손실함수: BCE loss $\to$ Cross Entropy loss
마지막층의 선형변환: torch.nn.Linear(?,1) $\to$ torch.nn.Linear(?,k)
마지막층의 활성화: sig $\to$ softmax

파이토치 한정

y의형태: (n,) vector + int형 // (n,k) one-hot encoded vector + float형
손실함수: torch.nn.BCEWithLogitsLoss, $\to$ torch.nn.CrossEntropyLoss
마지막층의 선형변환: torch.nn.Linear(?,1) $\to$ torch.nn.Linear(?,k)
마지막층의 활성화: None $\to$ None (손실함수에 이미 마지막층의 활성화가 포함)

실습: 3개의 클래스를 구분

path = untar_data(URLs.MNIST)

training set

X0 = torch.stack([torchvision.io.read_image(str(fname)) for fname in (path/'training/0').ls()])
X1 = torch.stack([torchvision.io.read_image(str(fname)) for fname in (path/'training/1').ls()])
X2 = torch.stack([torchvision.io.read_image(str(fname)) for fname in (path/'training/2').ls()])
X = torch.concat([X0,X1,X2])/255
y = torch.tensor([0]*len(X0) + [1]*len(X1)+ [2]*len(X2))#.reshape(-1,1)

다중일때 int가 아닌float으로서 y를 정의해준 모습

test set

X0 = torch.stack([torchvision.io.read_image(str(fname)) for fname in (path/'testing/0').ls()])
X1 = torch.stack([torchvision.io.read_image(str(fname)) for fname in (path/'testing/1').ls()])
X2 = torch.stack([torchvision.io.read_image(str(fname)) for fname in (path/'testing/2').ls()])
XX = torch.concat([X0,X1,X2])/255
yy = torch.tensor([0]*len(X0) + [1]*len(X1)+ [2]*len(X2))#.reshape(-1,1)

(1) dls

len(X)

18623

ds1 = torch.utils.data.TensorDataset(X,y) 
ds2 = torch.utils.data.TensorDataset(XX,yy) 
dl1 = torch.utils.data.DataLoader(ds1,batch_size=1862) # 에폭당 11번 iter
dl2 = torch.utils.data.DataLoader(ds2,batch_size=3147) # 
dls = DataLoaders(dl1,dl2)

(2) lrnr

net1 = torch.nn.Sequential(
    torch.nn.Conv2d(1,16,(5,5)),
    torch.nn.ReLU(),
    torch.nn.MaxPool2d((2,2)),
    torch.nn.Flatten()
)

net1(X).shape

torch.Size([18623, 2304])

net = torch.nn.Sequential(
    net1,
    torch.nn.Linear(2304,3) # 0,1,2 3개를 구분하는 문제이므로 out_features=3 
)
loss_fn = torch.nn.CrossEntropyLoss()

lrnr = Learner(dls,net,loss_fn)

adam기본인 learner

(3) 학습

지금은 epoch당 11번 도는 설정, 18623/1862 = 11.xx

lrnr.fit(10)

(4) 예측

lrnr.model.to("cpu")

Sequential(
  (0): Sequential(
    (0): Conv2d(1, 16, kernel_size=(5, 5), stride=(1, 1))
    (1): ReLU()
    (2): MaxPool2d(kernel_size=(2, 2), stride=(2, 2), padding=0, dilation=1, ceil_mode=False)
    (3): Flatten(start_dim=1, end_dim=-1)
  )
  (1): Linear(in_features=2304, out_features=3, bias=True)
)

pd.DataFrame(lrnr.model(XX)).assign(y=yy)

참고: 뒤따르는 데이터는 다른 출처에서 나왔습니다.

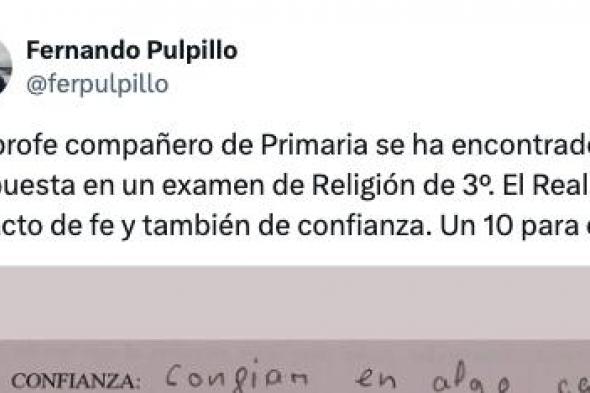 "Un profe compañero de Primaria se ha encontrado esta maravilla de respuesta en un examen de Religión de 3º. El Real Madrid es, sin duda, un acto de fe y también de confianza. Un 10 para ese chaval", ha escrito.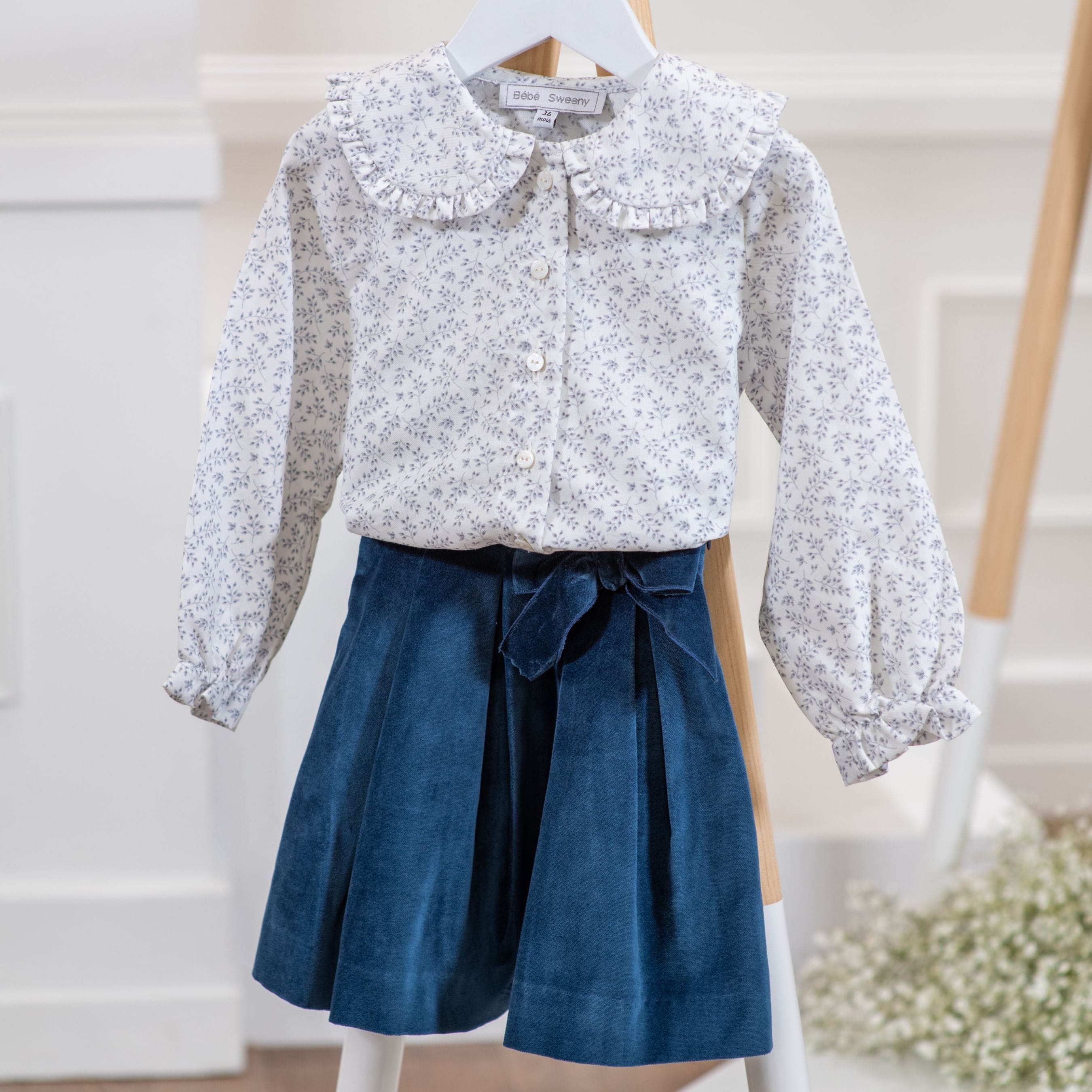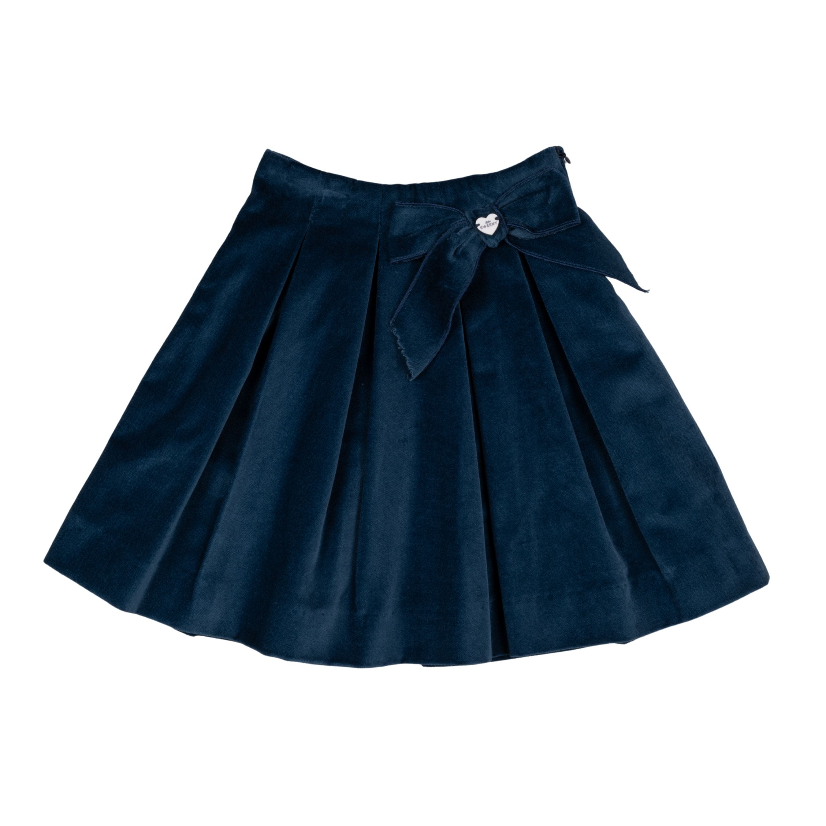 This blue skirt for girls is made in soft velour and has an elasticated waistband for a comfortable fit. The piece features a decorative bow at the front that adds an elegant finishing touch. Elevate your daughter's wardrobe by styling this blue velour skirt with one of our coordinating floral print blouses for a refined outfit.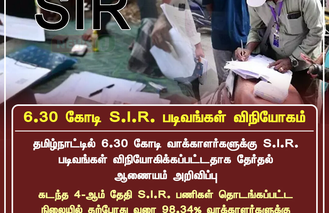 தமிழ்நாட்டில் 6.30 கோடி வாக்காளர்களுக்கான S.I.R. படிவங்கள் வெளியிடப்பட்டுள்ளதாக தேர்தல் ஆணையம் அறிவித்துள்ளது. மாநிலம் முழுவதும் வாக்காளர் தகவல் சரிபார்ப்பு மற்றும் புதுப்பிப்பு பணிகள் வேகமாக நடைபெற்று வருகின்றன.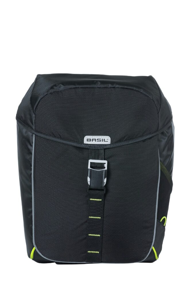 - The Basil Miles Double Bag is a double-sized bike bag with a total capacity of 34 litres.

pd.DataFrame(lrnr.model(XX)).assign(y=yy).query('y==0')

대체적으로 첫번째 칼럼의 숫자들이 다른칼럼보다 크다.

pd.DataFrame(lrnr.model(XX)).assign(y=yy).query('y==1')

대체적으로 두번째 칼럼의 숫자들이 다른칼럼보다 크다.

pd.DataFrame(lrnr.model(XX)).assign(y=yy).query('y==2')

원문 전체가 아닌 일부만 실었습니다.